Julian Borrill, co-leader of the Computational Cosmology Center in the Computational Research Division, gave an invited talk at the Numerical Cosmology 2012 conference held July 17-20 in Cambridge, England, and also chaired the session in which the university’s new supercomputer was officially launched.

Professor Stephen Hawking participated in the ceremony inaugurating COSMOS, the most powerful shared-memory supercomputer in Europe. Manufactured by SGI and the first system of its kind, the COSMOS supercomputer is part of the Science and Technology Facilities Council DiRAC High Performance Computing facility, a national service for UK cosmologists, astronomers and particle physicists, as well as non-academic users.

Borrill also gave a talk at the by-invitation-only event, discussing “Big Bang, Big Data, Big Iron.”

For Borrill, it was something of a homecoming.

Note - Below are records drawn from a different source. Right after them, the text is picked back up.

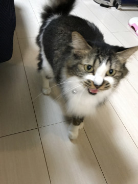 鳴き声は高く、呼ぶとニャーと返事をします。
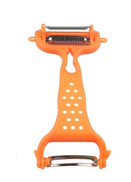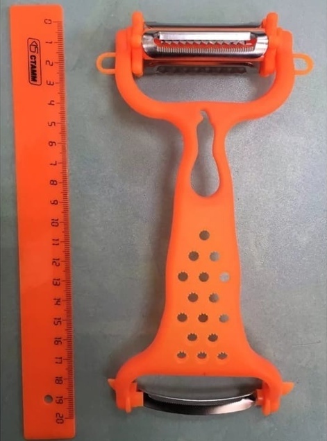 Универсальная овощечистка 6 в 1 предназначена для очистки овощей и фруктов, картофеля. стандартное плоское, зубчатое и лезвие соломка. Чтобы сменить лезвие необходимо просто нажать на кнопку и перевернуть вынимающуюся часть нужной стороной.
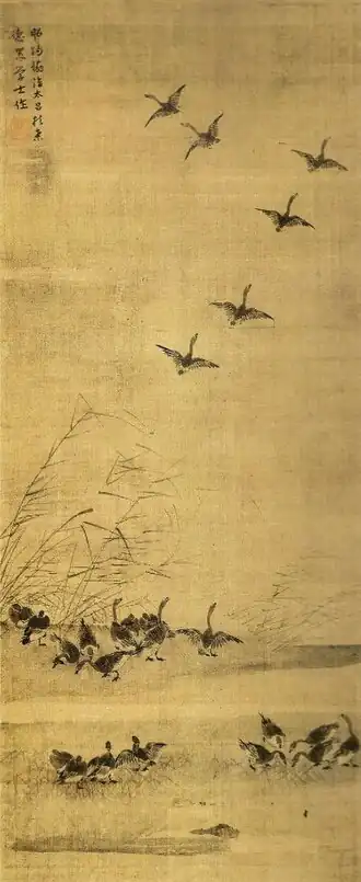 - Les Oies sauvages, encre sur soie (111,4 × 44,5 cm).
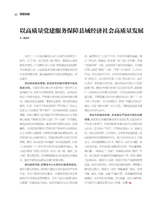 政治上的绝对坚定。严格遵守党的政治纪律和政治规 越发展。开展党建引领乡村治理县域试点,推广“一长
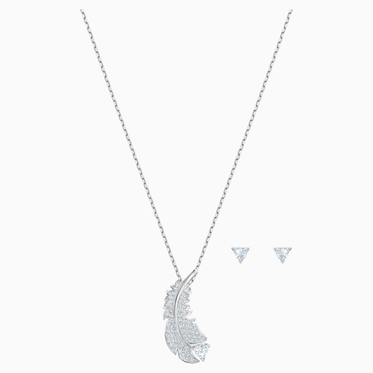 Pióra to w tym sezonie motyw, który po prostu trzeba mieć! Ten elegancki, powlekany rodem zestaw to wyrafinowana interpretacja tego trendu. Zestaw składa się z eleganckiego naszyjnika i subtelnych trójkątnych kolczyków sztyftowych — kunsztownie wykonanych i ozdobionych lśniącą kryształową oprawą pavé. Doskonały dodatek na co dzień. Stanowi również idealny pomysł na świąteczny prezent.
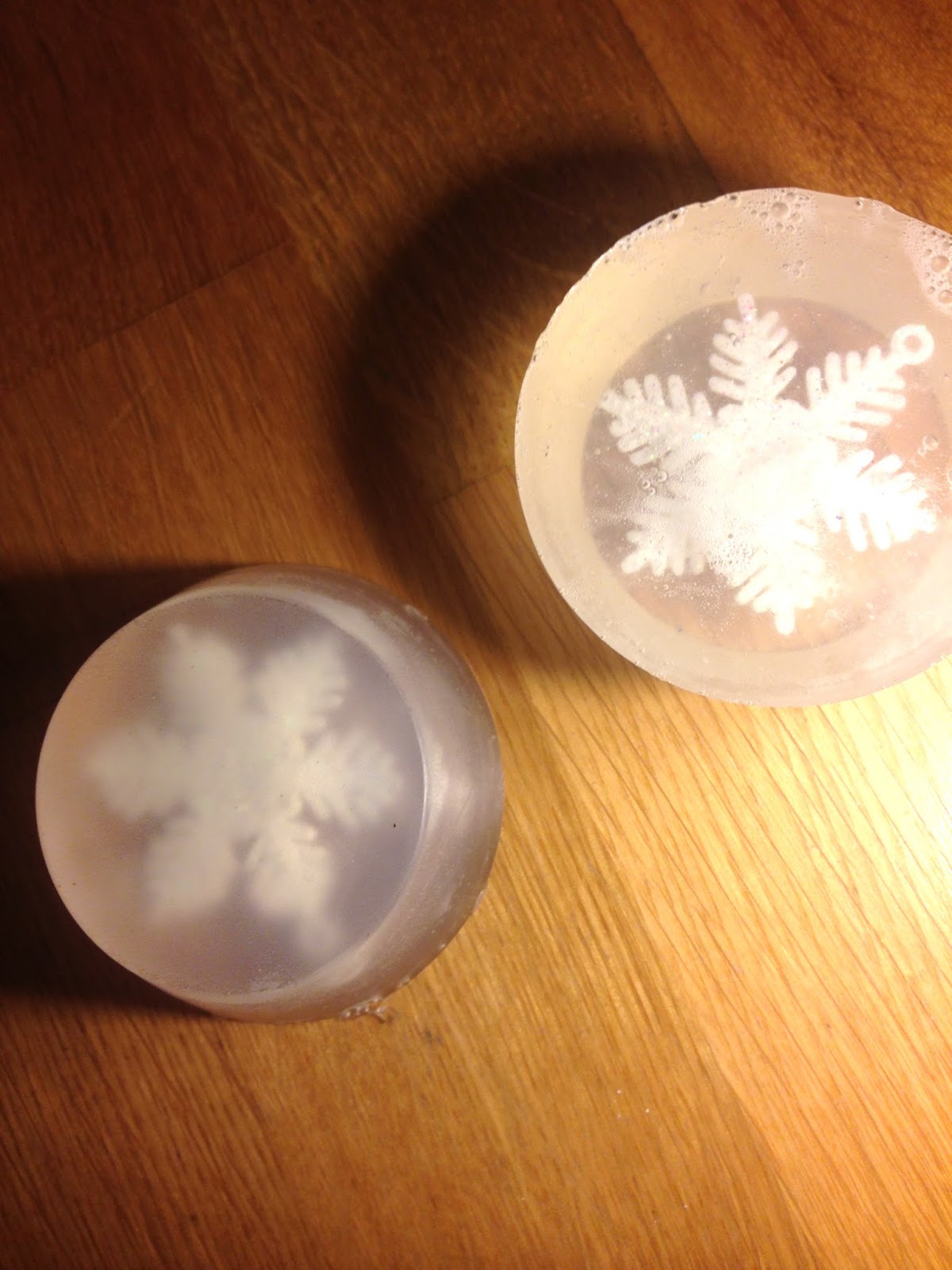 Anschließend gießt ihr den Rest der flüssigen Rohseife auf die bereits abgekühlte Masse. Fertig! Leider sind die kleinen Luftblasen auch nicht durch vorsichtiges Schütteln verschwunden. Wenn jemand einen Tipp dafür hat, bin ich sehr dankbar!
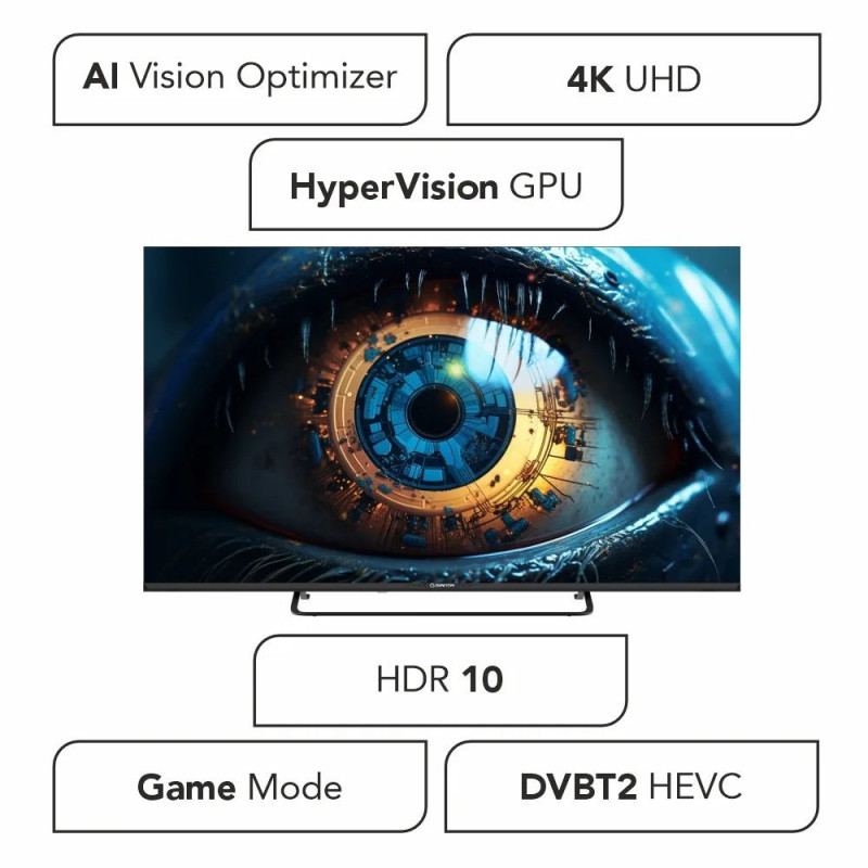 Televizorius siūlo žaidimo režimą, užtikrinantį mažą delsą, ir naudoja IPS (plokštumoje perjungiamo) LED panelę su 4K UHD raiška.
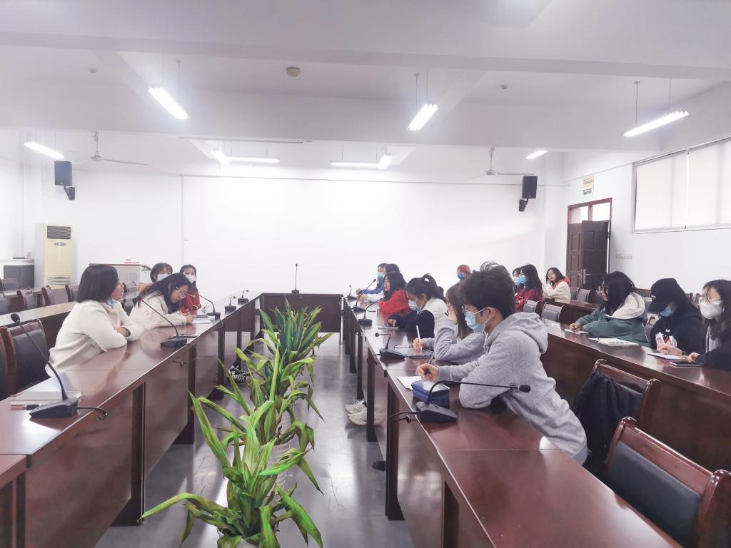 在崇文楼303会议室开展心理委员培训会,本次会议由辅导员卫周瑶主讲,学院党委副书记王芳、辅导员周曦及学院全体心理委员出席会议。
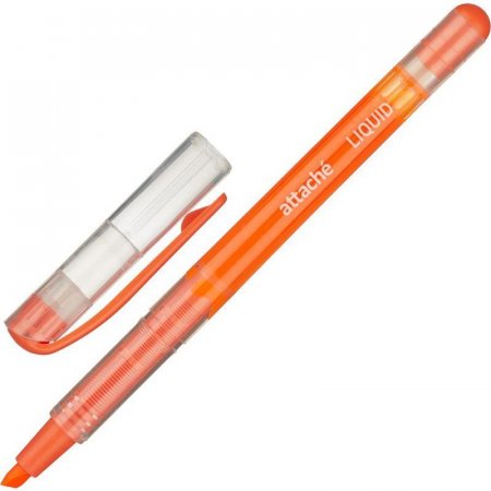 Текстовыделитель в пластиковом корпусе с жидкими чернилами, предназначенный для маркировки текста на бумаге любой плотности, цвет чернил: оранжевый — соответствует цвету колпачка. Скошенный наконечник имеет толщину от 1 до 4 мм.
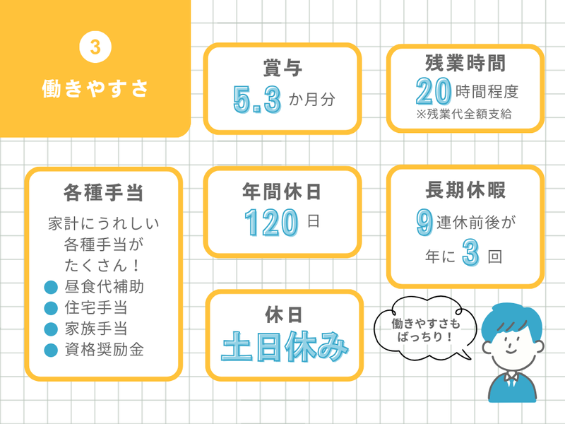 職場環境 \⭐「安定」も「収入」も諦めない!⭐/ 創業50年超の安定企業で、 納得の厚待遇をご用意しています✨ ✅ 賞与5.3ヶ月(昨年度実績) ✅ 年間休日120日(土日休み) ✅ 住宅手当・家族手当あり ✅ 転勤なしでライフプランも安心◎

He began studying mathematics at Trinity College, eventually earning a joint degree in math and political science. His concern for social issues then led him into working in child care and union organizing. While working for a union, he would take in lectures by Hawking over lunch. The lecture series formed the basis for the book, “A Brief History of Time,” which Borrill rates as “great lectures, unreadable book.”

But the lectures did inspire him to return to academia to study science, and eventually cosmology. Borrill went on to earn master’s degrees in astrophysics and IT from Queen Mary College in London and a Ph.D. in theoretical physics from the University of Sussex.

So what happens when you invite the world’s most famous physicist to a virtual ribbon-cutting ceremony? “We had much better cakes and cookies at tea that afternoon,” Borrill said.